The best way to protect yourself from relapse is to avoid temptation and stressful situations. During your time in addiction rehab, your team of doctors, therapists and other health professionals taught you how to deal with cravings when they hit; you may have also learned the importance of avoiding certain situations that could set you up for relapse.
But putting these lessons into practice on a daily basis is sometimes difficult. The best way to protect your sobriety is to have plenty of ways to avoid temptation.
Avoid Tempting Situations or People
Many situations can be tempting for recovering addicts. Office parties, family gatherings, summer cookouts and wedding receptions can all be a recipe for disaster for a recovering alcoholic. It may seem like a good idea to prove to others that you can resist the temptation to use, but avoiding these situations completely is the surest way to guard your sobriety.
But, if it is impossible to avoid alcohol, then use the following steps to protect yourself:
- Say, “No thank you!” Practice how you will decline alcohol before someone offers you a drink, because then you can avoid lengthy excuses or appearing as though you are still trying to make up your mind. You owe no one an explanation for refusing to drink, because you are not the only person at the event declining alcohol, even though it may seem like you are. Look the other person in the eyes and be firm in your response.
- Keep a non-alcoholic drink in your hand at all times. Ask your accountability partner or other close friend who knows your situation to bring you a drink so you can avoid the bar area completely.
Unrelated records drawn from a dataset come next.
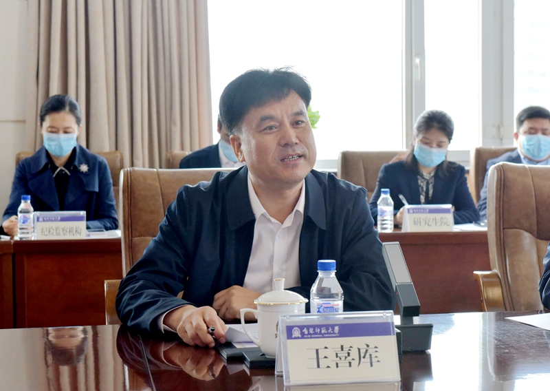 王喜库代表学校向王忠一行来校调研指导工作表示热烈欢迎。他说,王忠厅长来校调研充分体现了省教育厅对吉林太阳成集团tyc122cc入口的厚爱和关怀,更是对我们工作的激励和鞭策。他指出,学校始终以习近平新时代中国特色社会主义思想为指导,全面贯彻党的教育方针,坚持以党的建设为统领,凝聚推动发展的强大合力;以立德树人为根本任务,构建“三全育人”新格局;以党管人才为支点,打造新时代高素质教师队伍;以安全稳定为保障,打造安全文明校园;以内涵发展为目标,建构高水平人才培养体系;以深化改革为驱动,提升科研创新能力。下一步,学校将继续在省教育厅的领导下,全面加强内涵建设,不断提升学校综合实力,努力增强服务地方发展能力,积极融入“一主六双”高质量发展战略,奋力开启学校高质量发展新征程,为加快推动新时代吉林全面振兴全方位振兴提供智力支持和人才保障。他还就学校事业发展中遇到的问题作了汇报。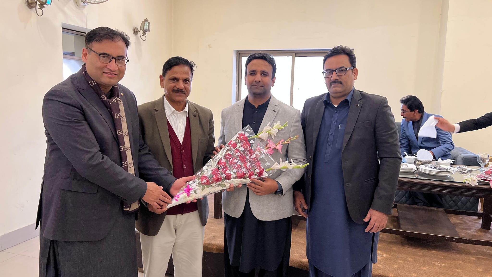 پنجاب ڈویلپرز کی ٹیم نے میٹنگ کا آغاز مہمان خصوصی اور سینئر شرکاء کے گرمجوش استقبال سے کیا۔ ٹیم ممبران نے مہمانوں کو پھول اور تحائف پیش کیے، جو احترام اور مہمان نوازی کی خوبصورت مثال تھے۔ تصاویر میں صاف نظر آتا ہے کہ ماحول خوشگوار اور پروفیشنل تھا، اور سب چہروں پر مسکراہٹ تھی۔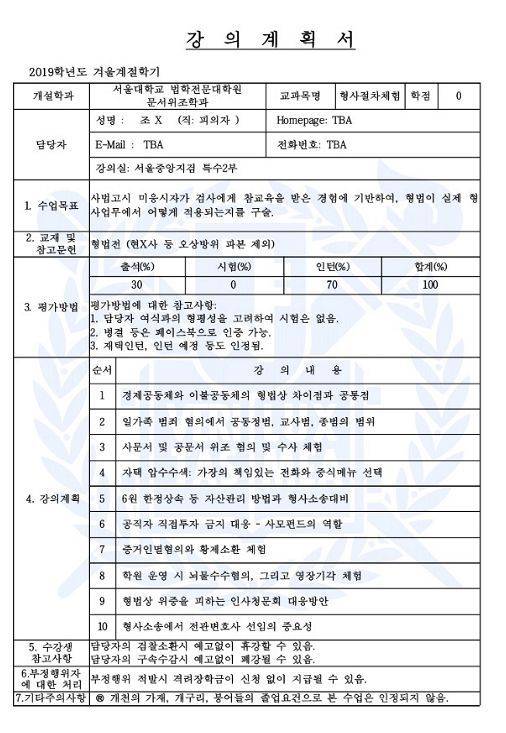 이들이 공개한 이미지는 패러디 버전의 '강의계획서'로 '서울대 법학전문대학원 문서위조학과', 강의명은 '형사절차 체험'이다. 강의 담당자는 '피의자 조모씨'로 돼 있다.

- Ask for help from others before arriving at the event. People who support your sobriety and want to help you will have no problem refusing a drink along with you.
- Plan an escape in case temptation becomes too great. Develop a way to signal your friend or accountability partner that you need to leave. Do not leave such an event alone, as you are leaving because you feel vulnerable to relapse, which means you need some accountability.
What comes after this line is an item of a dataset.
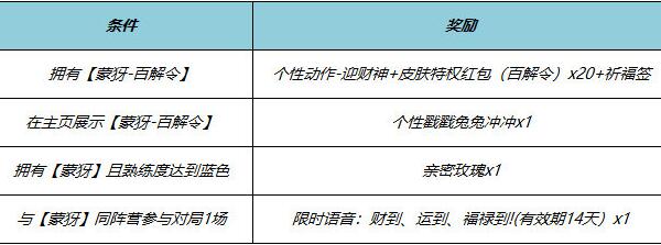 1、购买礼包必得红蓝对决(1日),可额外随机获得以下之一:蒙犽专属击败-百解令、专属拖尾-百解令、百解令荣耀播报、龙鼓争鸣、归虚梦演(蒙犽)、皮肤碎片x2、荣耀积分x20、新品皮肤抽奖券x1,累计225次必得全部局内特效。

- Keep track of the ways you have successfully refused a drink before and build on that success. Figure out whatever works and keep doing it.
Avoiding drug use can be easier than avoiding alcohol abuse. You know which of your friends use drugs and which ones do not, so commit to the relationships with only people who do not use drugs and let the rest go.
It may seem like a harsh response to those with whom you have a relationship, but, if a relationship is built around drug use, then it is unhealthy. Surround yourself with positive people who support your recovery and end the toxic relationships to avoid temptation.
Create a Wellness Schedule
A wellness schedule that includes regular exercise, proper nutrition and quality sleep can help you avoid temptations that lead to relapse. When people struggle with drug or alcohol addiction, malnutrition is often the result of a consistently poor diet. These problems can increase stress in both the mind and body, which can make drug cravings worse.
During drug treatment, patients are often required to make a daily schedule and stick to it. Drug and alcohol abuse can lead to a lifestyle that is spontaneous and void of any structure, but sticking to a healthy schedule can help you or your loved one avoid temptation and cope with cravings when they come.
Your wellness schedule should include the following elements:
- Get up at the same time each day. Set your alarm and go through your morning routine of showering, dressing, eating breakfast and brushing your teeth even if you have nothing on your agenda for the morning. These acts help wake up your mind and body while they also prepare you for whatever issue is coming next. If you are up and ready, then it also reduces the stress of any sudden changes in your schedule. You are prepared for anything.
- Eat a healthy breakfast. Eating a healthy breakfast gives your body and brain the necessary resources to function in the morning. If you turn to healthy foods in the morning instead of taking that first drink, then you set yourself up for positive choices throughout the day.
- Take a walk in the morning and in the afternoon or work in some other form of exercise. A morning walk helps increase your energy throughout the day.
- Set aside time to meditate. Meditating clears your mind of negativity and stress while it also gives you space to feel good about your choices. With such practices, you can stay in a more peaceful frame of mind throughout the day.
Doing these simple acts each day will motivate you to adopt other healthy habits. Healthy habits are some of the best defenses against the temptation to use drugs or alcohol, so the better they are, the better your recovery can be.
Stay Vigilant Against Relapse
As you progress in recovery, it is easy to forget that you are a reformed alcoholic or drug addict. Letting your guard down, if even for a moment, can begin a chain reaction of bad choices. On the other hand, staying vigilant throughout your recovery helps you avoid temptations that result in relapse. Remember, your recovery is a life-time commitment, so stay vigilant at all times to remain on the road to recovery.